## [PROBLEM TO WORK ON]
Every line of the listing below should come back exactly as written, with no images.

## [DATA BLOCK]
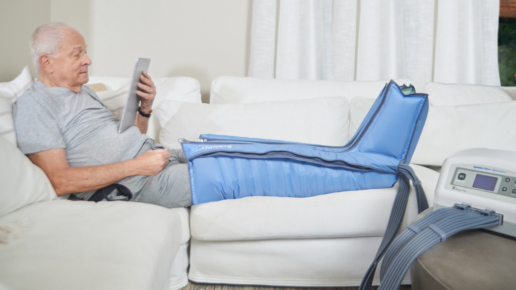 We use vasopneumatic pumps—also known as intermittent compression devices—to help reduce swelling and improve circulation in injured or post-surgical areas. These devices use an inflatable sleeve that rhythmically fills with air and releases pressure, gently pushing excess fluid out of the affected limb and back into the body’s circulatory system. This process can decrease edema, reduce pain, and improve mobility, making it easier for patients to participate in their rehabilitation exercises. Vasopneumatic therapy is commonly used for conditions such as post-surgical swelling, joint injuries, and chronic edema.
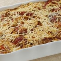 - Disponha em um refratário retangular médio (20 X 31 cm) untado, polvilhe com o queijo ralado, e leve ao forno médio (180 graus), preaquecido, por 25 minutos, ou até dourar.
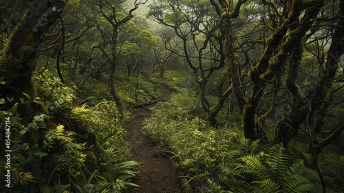 © Imsuniyah, Obraz premium spring forest nature landscape, beautiful spring stream, river rocks in mountain forest

## [RESULT BELOW]
 We use vasopneumatic pumps—also known as intermittent compression devices—to help reduce swelling and improve circulation in injured or post-surgical areas. These devices use an inflatable sleeve that rhythmically fills with air and releases pressure, gently pushing excess fluid out of the affected limb and back into the body’s circulatory system. This process can decrease edema, reduce pain, and improve mobility, making it easier for patients to participate in their rehabilitation exercises. Vasopneumatic therapy is commonly used for conditions such as post-surgical swelling, joint injuries, and chronic edema.
 - Disponha em um refratário retangular médio (20 X 31 cm) untado, polvilhe com o queijo ralado, e leve ao forno médio (180 graus), preaquecido, por 25 minutos, ou até dourar.
 © Imsuniyah, Obraz premium spring forest nature landscape, beautiful spring stream, river rocks in mountain forest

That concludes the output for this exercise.